McCalla Raymer, LLC v. Foxfire Acres, Inc.

Citation356 Ga.App. 117,846 S.E.2d 404
Decision Date01 July 2020
Docket NumberA20A0160,A20A0159,A20A0161
Parties MCCALLA RAYMER, LLC v. FOXFIRE ACRES, INC. Foxfire Acres, Inc. v. McCalla Raymer, LLC et al. Suntrust Mortgage, Inc. v. Foxfire Acres, Inc.
CourtUnited States Court of Appeals (Georgia)

Page Scrantom Sprouse Tucker & Ford, Alan G. Snipes, for McCalla Raymer, LLC.

James D. Patrick, Jr., for Foxfire Acres, Inc.
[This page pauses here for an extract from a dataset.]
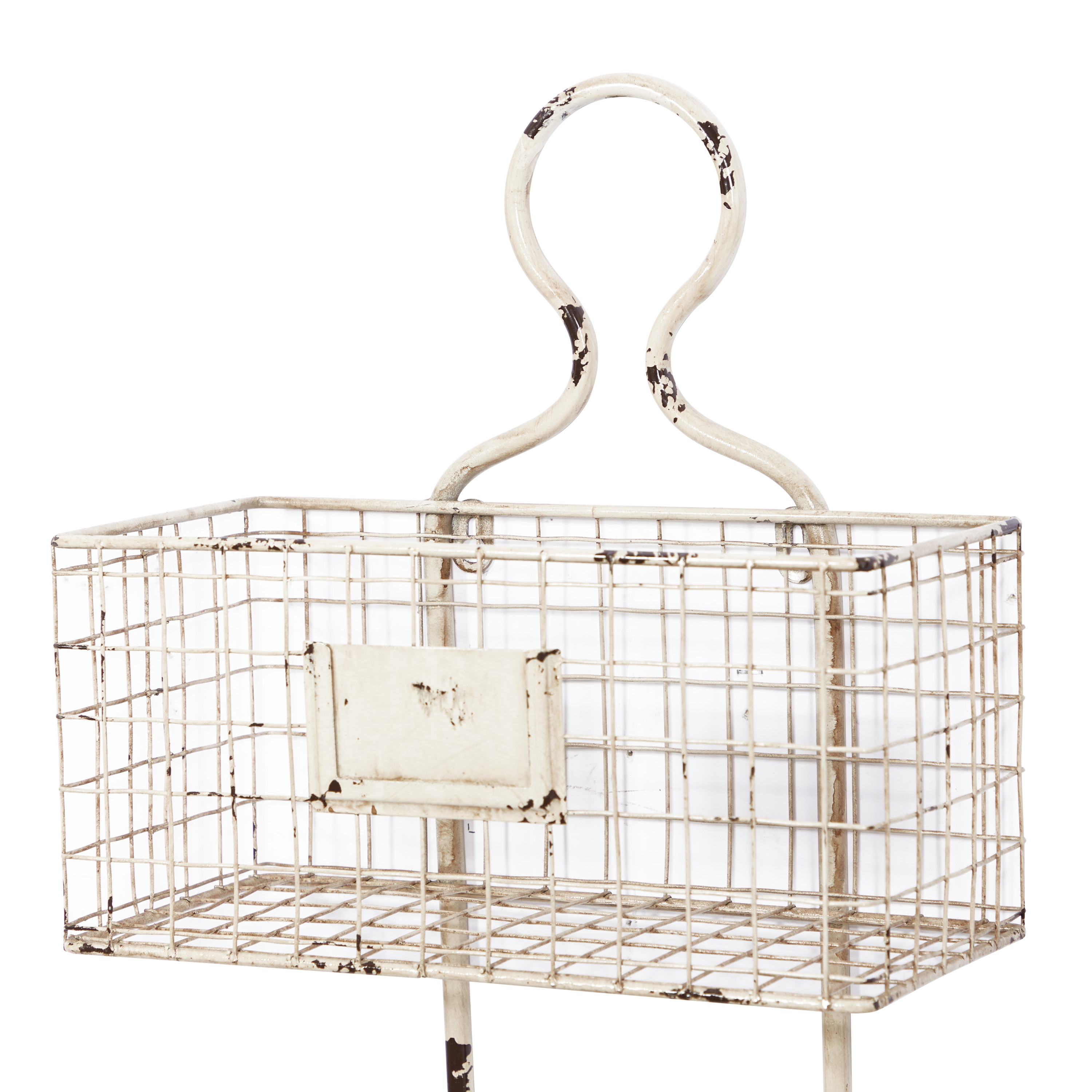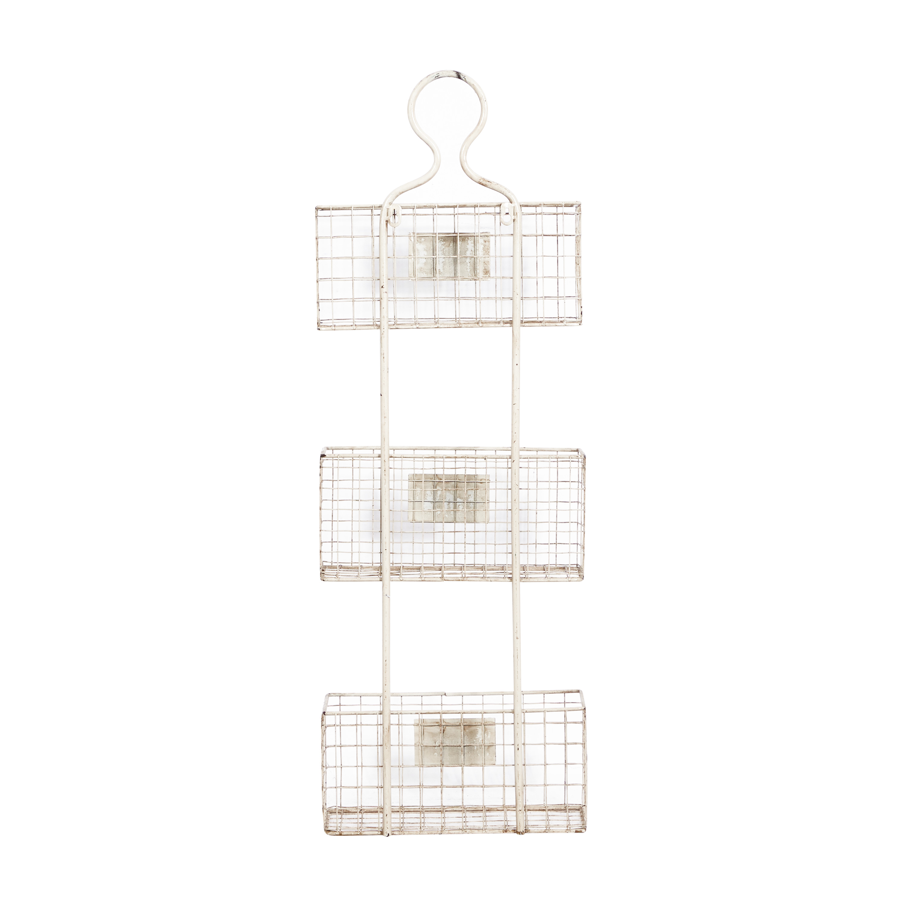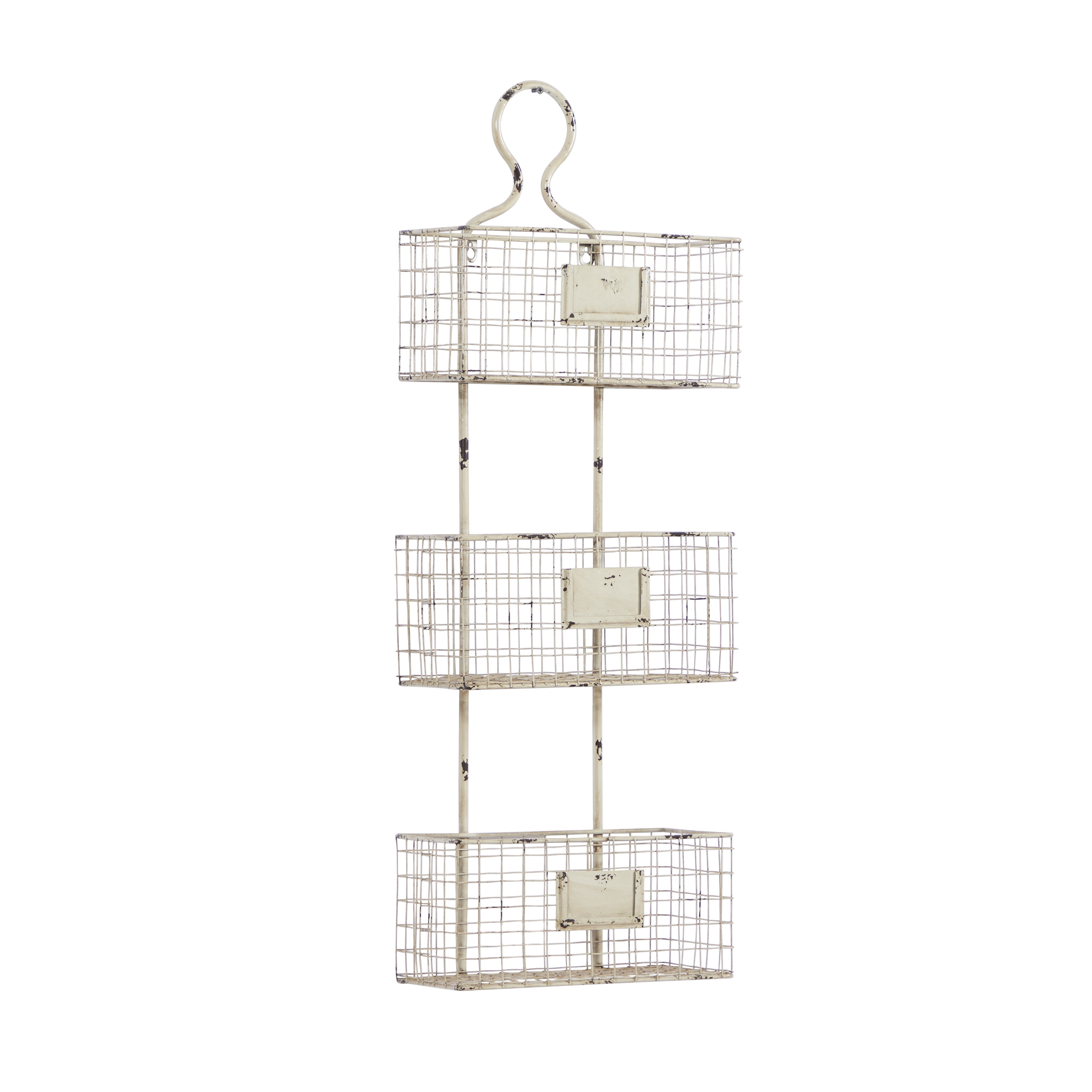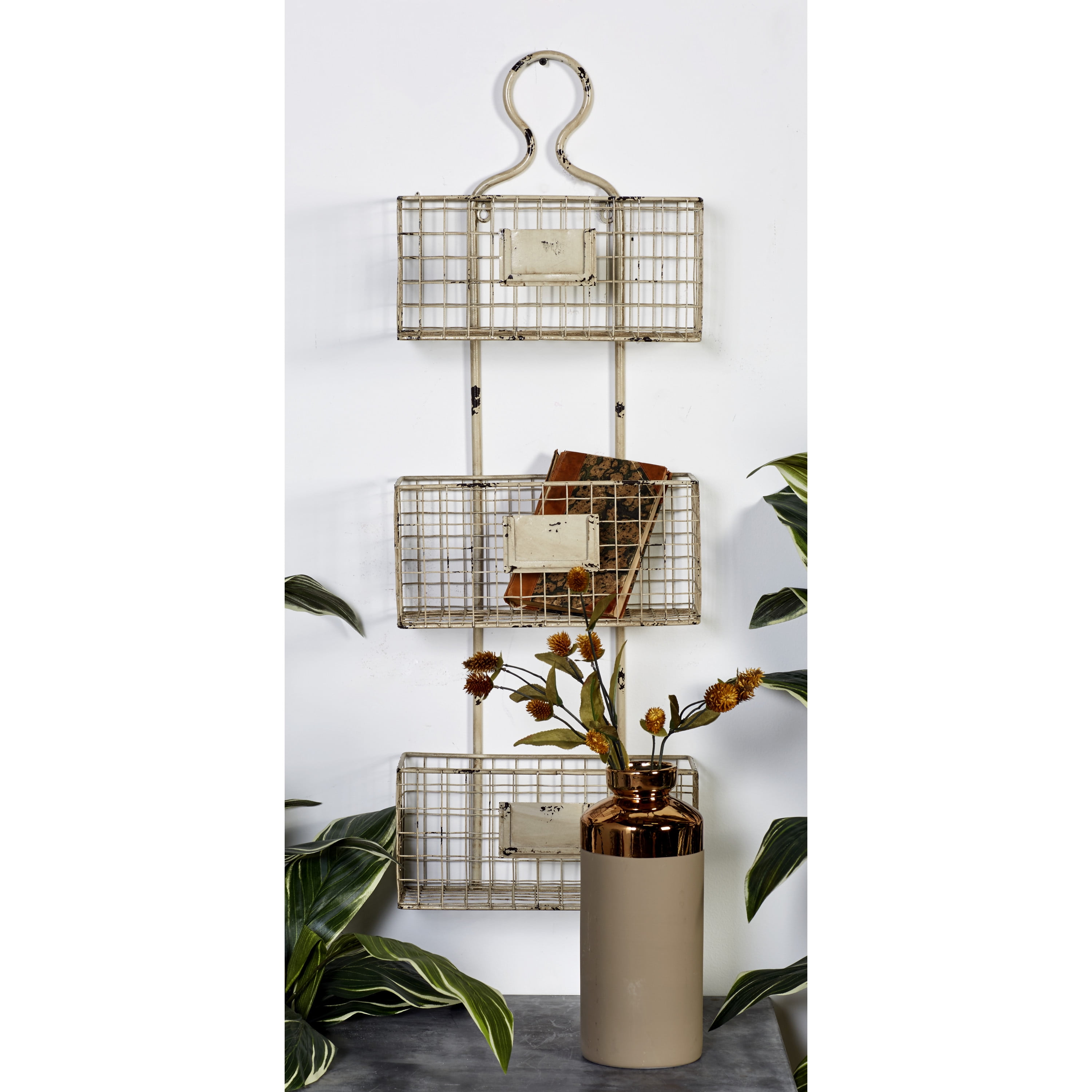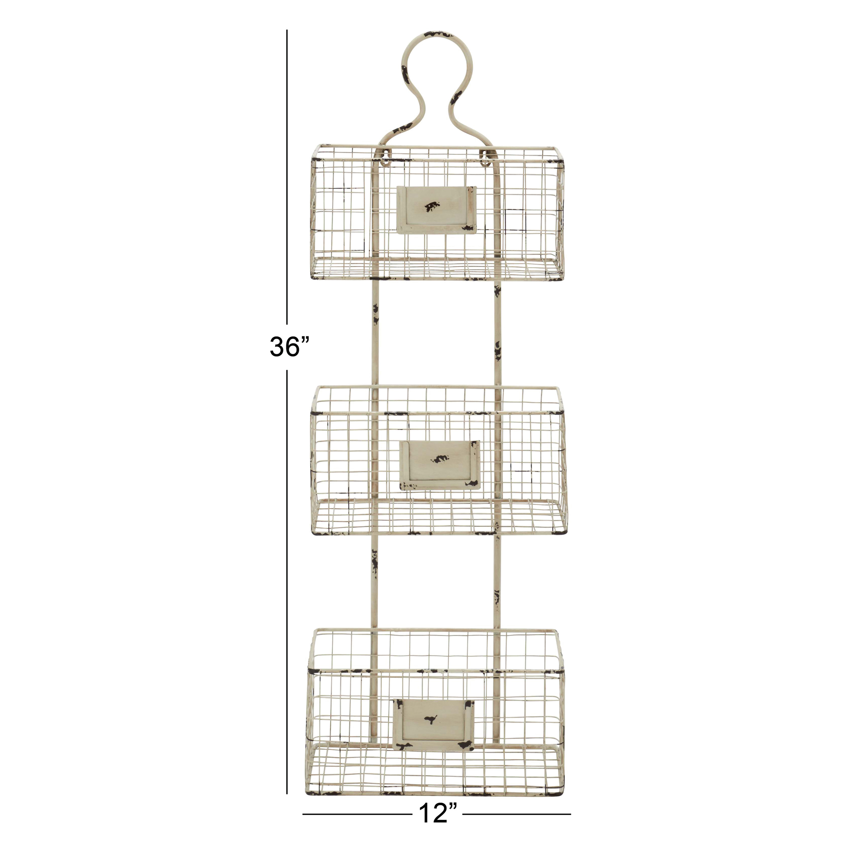 Infuse your home with cozy charm, where weathered textures, rustic finishes, and warm earthy tones create a wholesome atmosphere Wall mounted shelf is crafted with iron material Farmhouse basket shelf highlights a distressed white overall finish Features a 3-tier basket system design for more storage space This item measures 12.5L x 6.5W x 36.5H inches, and weighs 4.84 lbs This farmhouse wall organizer accentuates a rectangular figure with baskets as shelves Wipe clean with a dry cloth Iron is bent and welded to form this wire basket shelf Farmhouse style DecMode 37″ White Metal 3 Hanging Baskets Magazine Rack Holder makes a perfect addition to any home

The Gilroy Firm, Monica K. Gilroy, for Suntrust Mortgage, Inc.

Barnes, Presiding Judge.

Foxfire Acres, Inc., a company engaged in the business of buying, renovating, then reselling foreclosed properties, was the high bidder at a foreclosure sale upon residential property (Property) located in Columbus, Georgia. A year later, and still without either "clear, insurable" title or a refund of the bid amount paid, Foxfire filed suit against the foreclosing entity and its law firm, SunTrust Mortgage, Inc., and McCalla Raymer, LLC, respectively. These interlocutory appeals concern the denial of the defendantsjoint motion for summary judgment, as well as rulings on certain of Foxfire's discovery requests. For reasons explained below, we affirm in part and reverse in part.

Summary judgment is proper "if the pleadings, depositions, answers to interrogatories, and admissions on file, together with the affidavits, if any, show that there is no genuine issue as to any material fact and that the moving party is entitled to a judgment as a matter of law[.]" OCGA § 9-11-56 (c). "We review a grant or denial of summary judgment de novo and construe the evidence in the light most favorable to the nonmovant." Matson v. Bayview Loan Servicing , 339 Ga. App. 890, 890, 795 S.E.2d 195 (2016).

So viewed, the record shows the following. In 1992, the owners of the Property, Charles W. McDaniel and Leslie L. McDaniel, executed a $106,400 promissory note in favor of Trust Company Bank of Columbus, N.A., and a related deed to secure the debt in favor of that bank, pledging the Property as security (Security Deed). In 2010, the loan was declared to be in default.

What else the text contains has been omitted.